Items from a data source
■ ■ ■ ■ ■

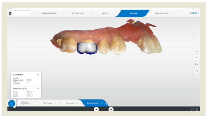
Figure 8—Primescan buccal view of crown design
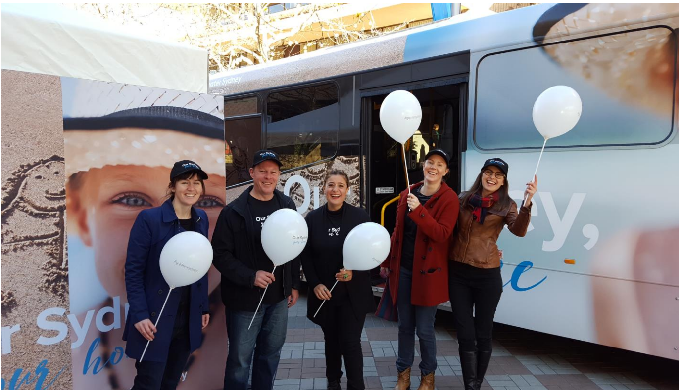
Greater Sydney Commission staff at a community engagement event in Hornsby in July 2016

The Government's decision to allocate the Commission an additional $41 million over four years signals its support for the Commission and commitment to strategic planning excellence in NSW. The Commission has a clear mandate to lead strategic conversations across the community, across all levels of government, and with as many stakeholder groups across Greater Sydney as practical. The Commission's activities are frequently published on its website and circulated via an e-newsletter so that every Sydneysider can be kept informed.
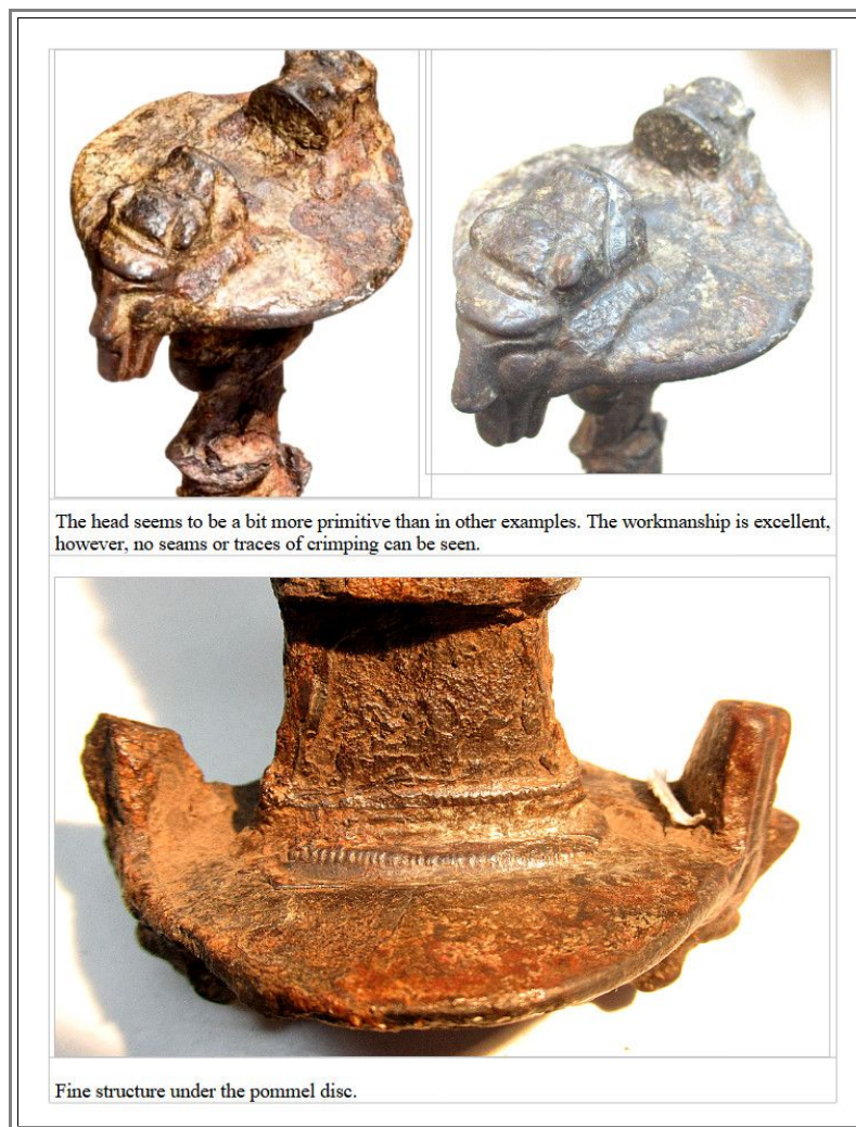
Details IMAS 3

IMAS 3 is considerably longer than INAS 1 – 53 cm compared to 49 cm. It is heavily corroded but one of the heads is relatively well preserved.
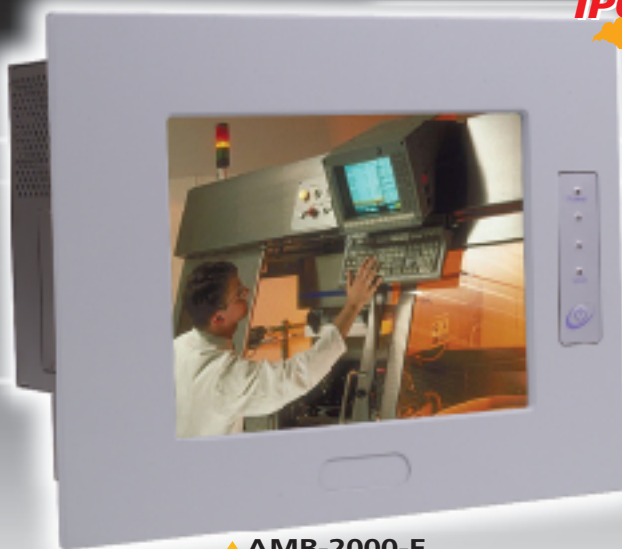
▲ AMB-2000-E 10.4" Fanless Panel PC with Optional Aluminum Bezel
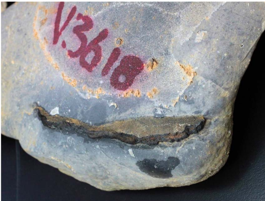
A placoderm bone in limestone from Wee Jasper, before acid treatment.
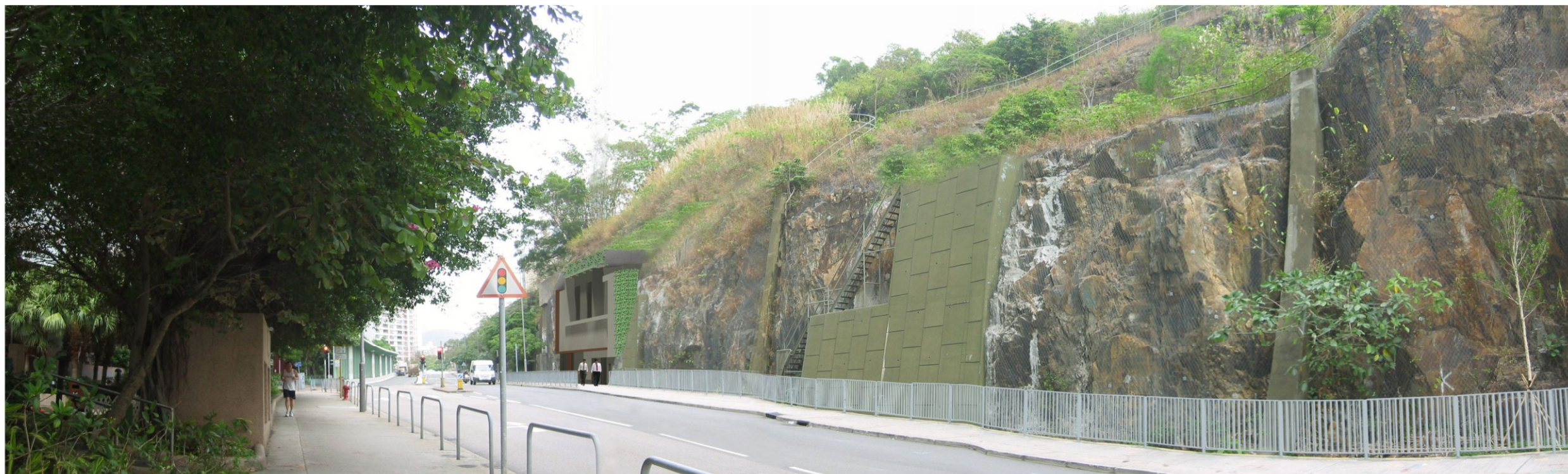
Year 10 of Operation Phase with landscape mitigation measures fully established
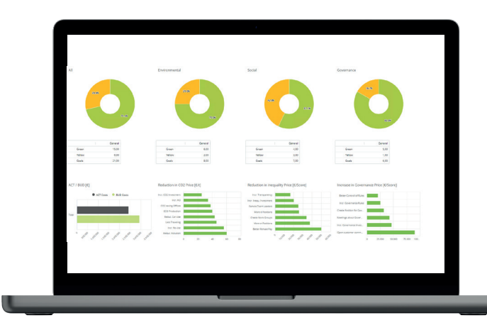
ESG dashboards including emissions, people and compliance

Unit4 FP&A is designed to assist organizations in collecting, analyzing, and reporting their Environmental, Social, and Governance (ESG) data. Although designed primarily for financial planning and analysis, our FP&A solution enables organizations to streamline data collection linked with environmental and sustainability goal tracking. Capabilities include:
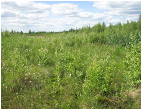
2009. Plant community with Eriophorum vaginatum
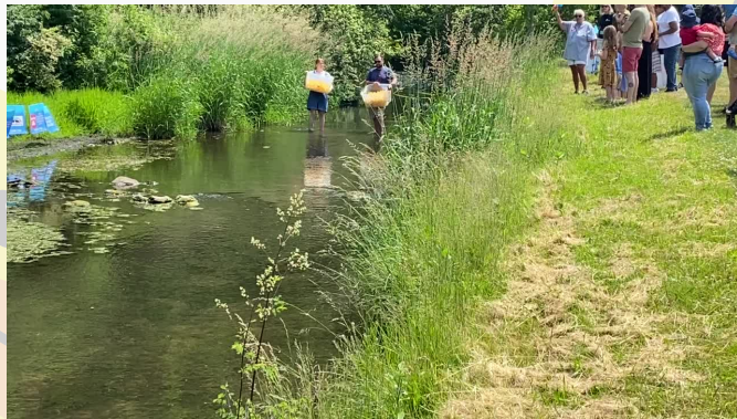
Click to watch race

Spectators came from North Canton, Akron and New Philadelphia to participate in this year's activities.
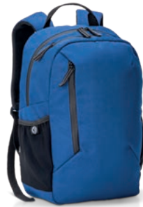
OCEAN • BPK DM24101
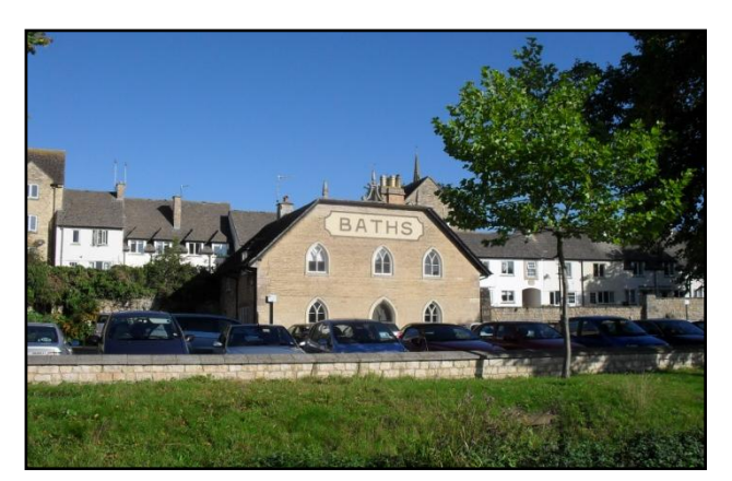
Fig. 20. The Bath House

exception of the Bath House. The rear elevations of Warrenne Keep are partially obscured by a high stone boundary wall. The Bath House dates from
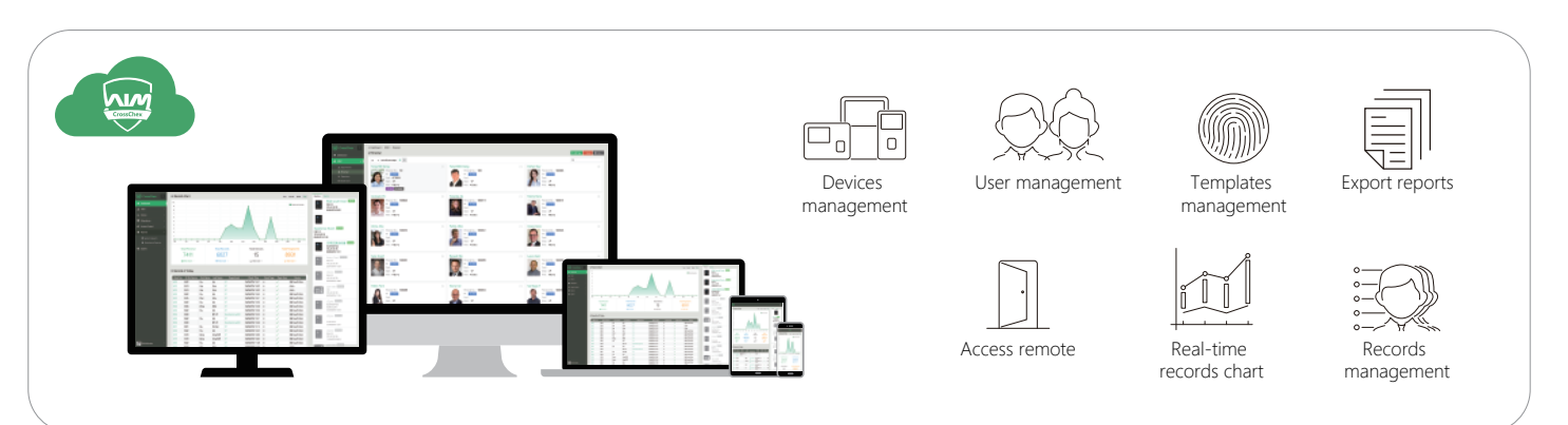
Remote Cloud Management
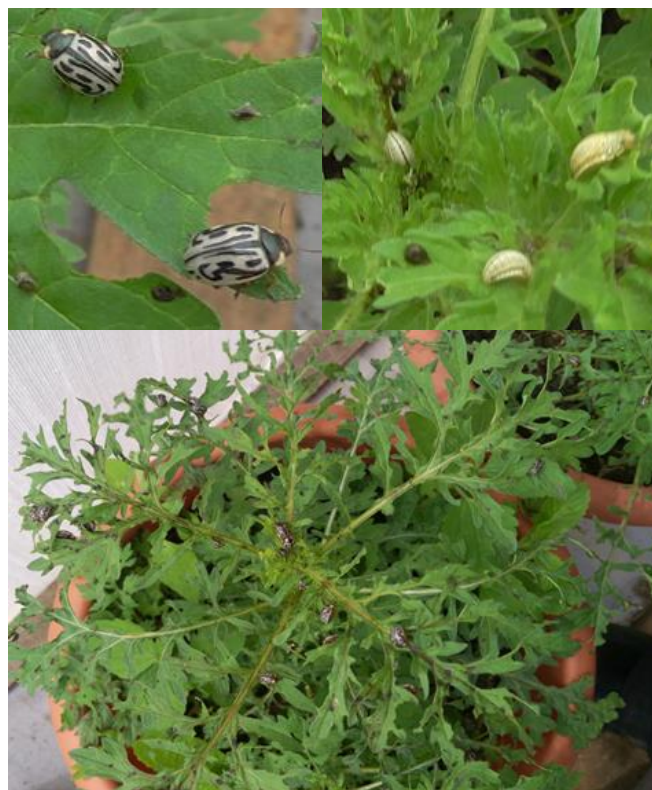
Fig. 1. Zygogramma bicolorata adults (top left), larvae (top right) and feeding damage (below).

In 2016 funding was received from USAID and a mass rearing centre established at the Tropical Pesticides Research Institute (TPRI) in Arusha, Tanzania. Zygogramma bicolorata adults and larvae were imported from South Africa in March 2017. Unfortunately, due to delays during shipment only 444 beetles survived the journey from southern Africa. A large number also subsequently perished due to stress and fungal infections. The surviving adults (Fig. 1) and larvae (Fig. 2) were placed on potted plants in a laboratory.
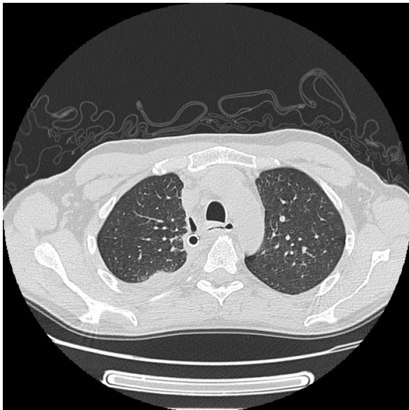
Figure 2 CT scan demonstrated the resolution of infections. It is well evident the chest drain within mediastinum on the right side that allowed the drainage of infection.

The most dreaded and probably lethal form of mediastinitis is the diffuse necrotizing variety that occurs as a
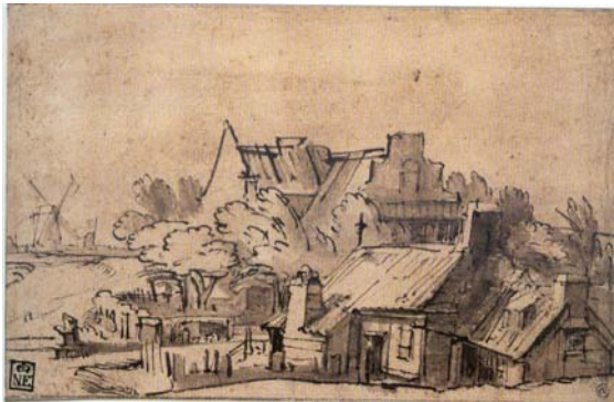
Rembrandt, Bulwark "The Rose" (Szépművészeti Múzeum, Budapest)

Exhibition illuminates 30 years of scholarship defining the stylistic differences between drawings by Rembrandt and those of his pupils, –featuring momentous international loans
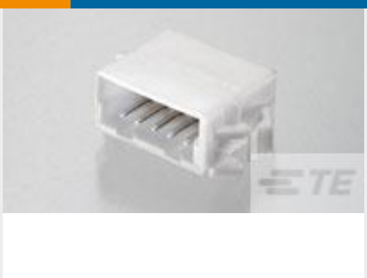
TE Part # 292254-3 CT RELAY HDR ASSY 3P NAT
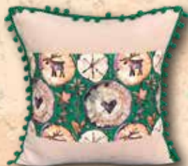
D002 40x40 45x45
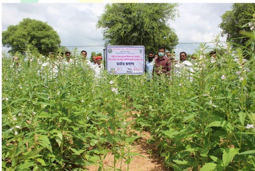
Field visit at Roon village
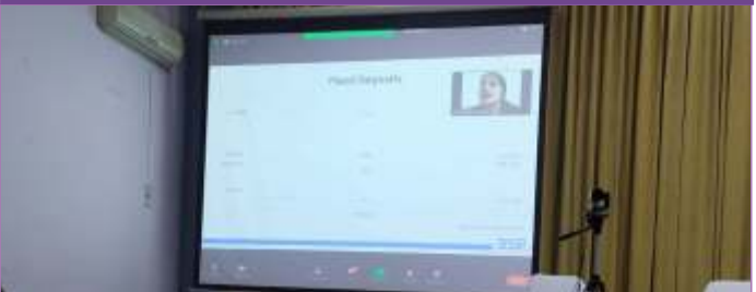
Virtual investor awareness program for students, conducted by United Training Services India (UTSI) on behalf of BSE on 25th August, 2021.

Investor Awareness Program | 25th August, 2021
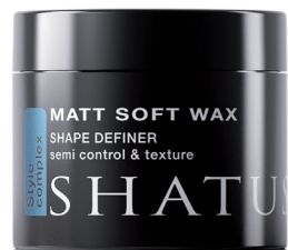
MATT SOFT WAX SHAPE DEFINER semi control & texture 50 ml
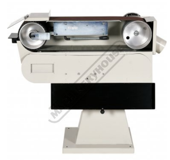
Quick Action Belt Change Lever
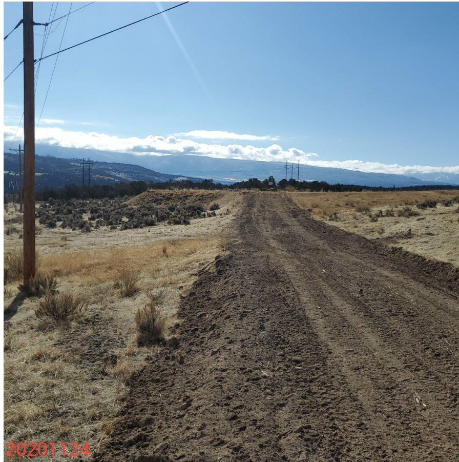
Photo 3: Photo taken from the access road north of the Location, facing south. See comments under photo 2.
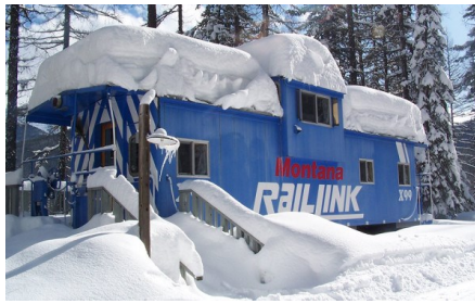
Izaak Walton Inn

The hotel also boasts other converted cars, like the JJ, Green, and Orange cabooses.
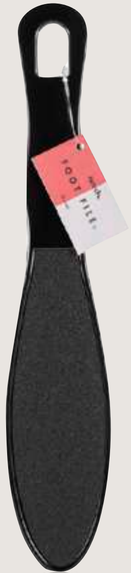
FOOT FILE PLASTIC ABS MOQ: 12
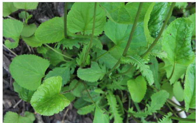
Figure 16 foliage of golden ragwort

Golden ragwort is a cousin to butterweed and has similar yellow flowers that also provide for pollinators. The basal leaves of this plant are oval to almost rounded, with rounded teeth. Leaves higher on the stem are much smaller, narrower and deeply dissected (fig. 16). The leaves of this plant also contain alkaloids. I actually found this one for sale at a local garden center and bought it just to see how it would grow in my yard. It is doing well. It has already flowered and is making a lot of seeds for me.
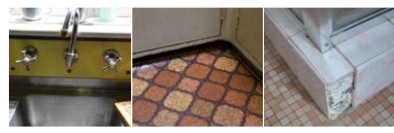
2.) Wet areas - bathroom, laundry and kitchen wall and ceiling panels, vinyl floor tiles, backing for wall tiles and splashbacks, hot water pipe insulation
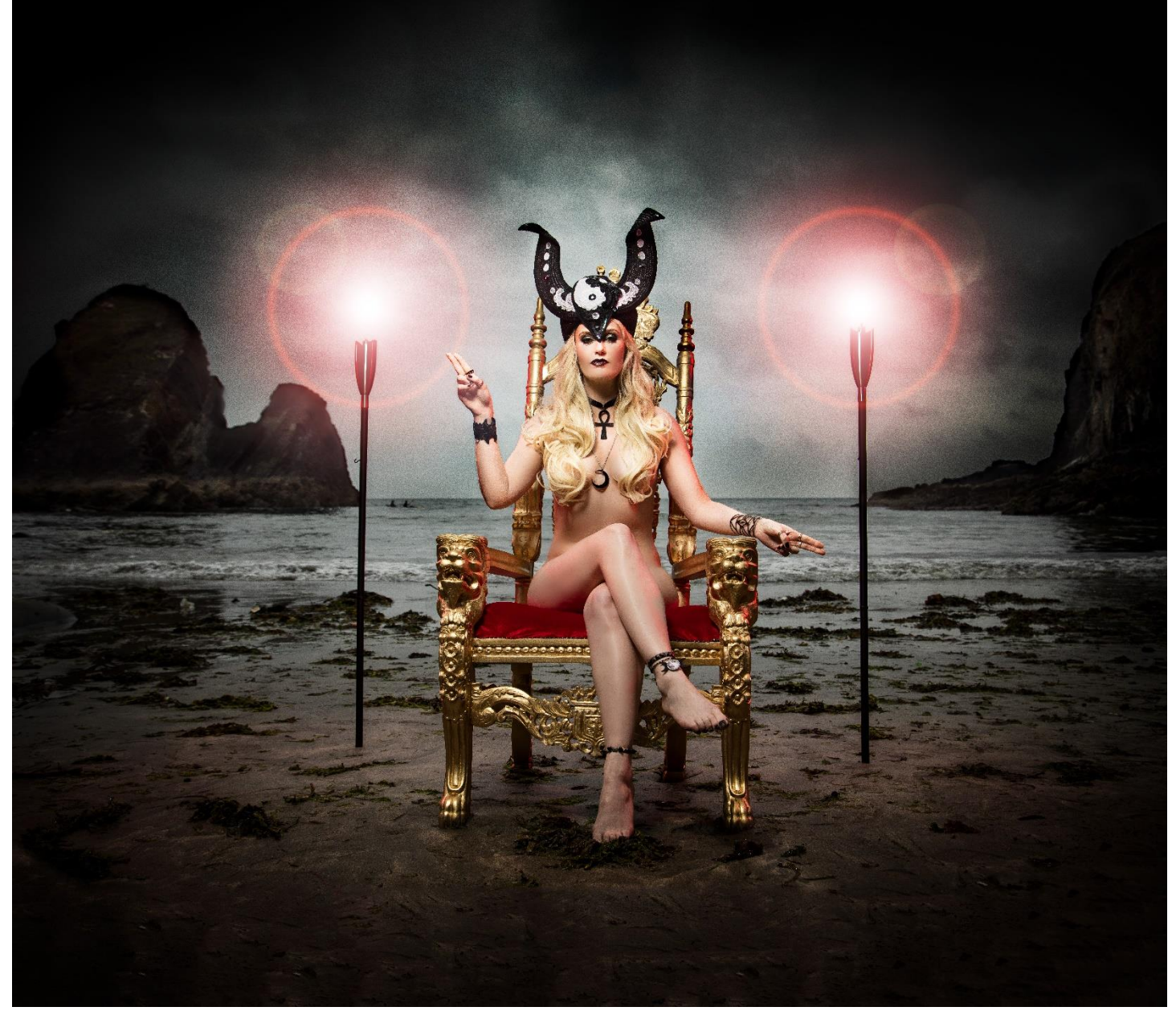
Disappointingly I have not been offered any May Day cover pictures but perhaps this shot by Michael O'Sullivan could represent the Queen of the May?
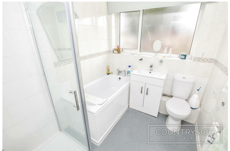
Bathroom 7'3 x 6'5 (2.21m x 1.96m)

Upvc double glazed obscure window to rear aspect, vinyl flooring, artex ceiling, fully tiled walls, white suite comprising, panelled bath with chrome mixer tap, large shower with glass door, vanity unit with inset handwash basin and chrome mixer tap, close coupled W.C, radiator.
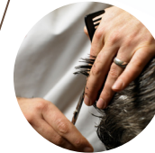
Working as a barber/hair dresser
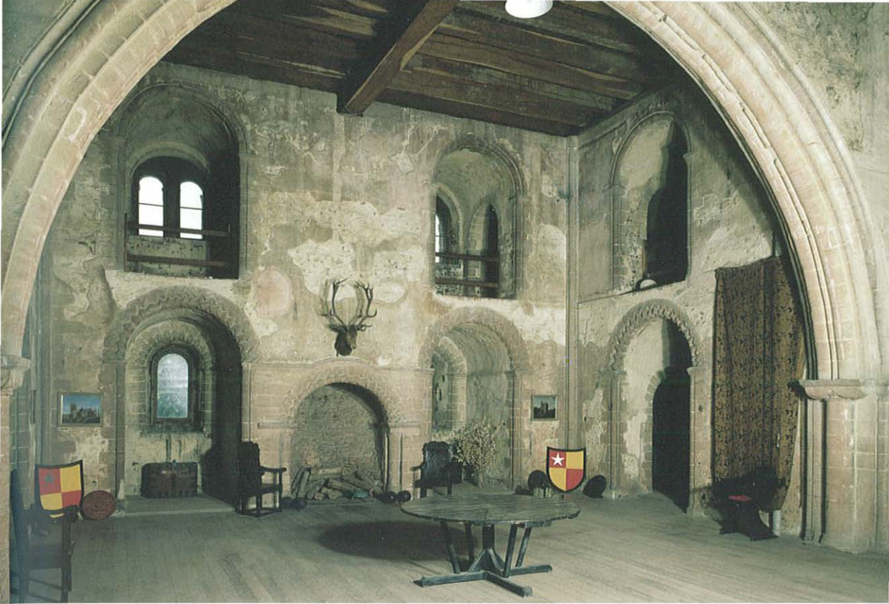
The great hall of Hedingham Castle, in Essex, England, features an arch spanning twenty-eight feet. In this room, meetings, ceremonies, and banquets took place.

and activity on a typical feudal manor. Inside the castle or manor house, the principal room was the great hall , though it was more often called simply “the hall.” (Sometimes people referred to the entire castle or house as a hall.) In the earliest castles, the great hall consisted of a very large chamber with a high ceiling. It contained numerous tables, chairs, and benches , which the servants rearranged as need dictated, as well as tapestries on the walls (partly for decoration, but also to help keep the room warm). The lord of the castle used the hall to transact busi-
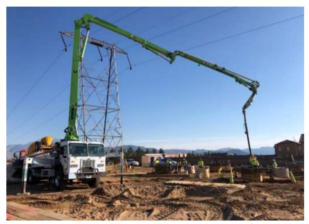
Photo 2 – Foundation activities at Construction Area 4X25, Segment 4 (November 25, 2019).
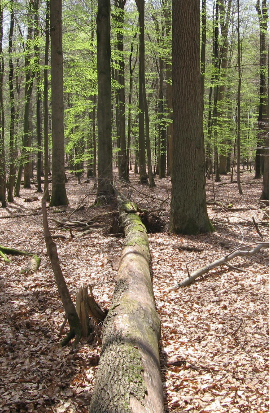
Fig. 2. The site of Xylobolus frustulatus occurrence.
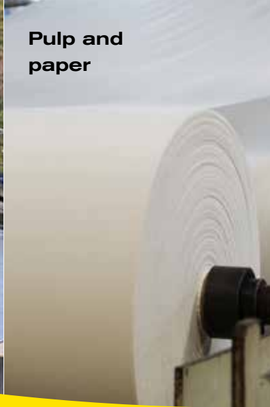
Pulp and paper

■ ■ ■ ■ ■

EXERCISE OBJECTIVE :: Go through the records above and copy each line where "IMAS" is found.

TASK ANSWER ::
Details IMAS 3
IMAS 3 is considerably longer than INAS 1 – 53 cm compared to 49 cm. It is heavily corroded but one of the heads is relatively well preserved.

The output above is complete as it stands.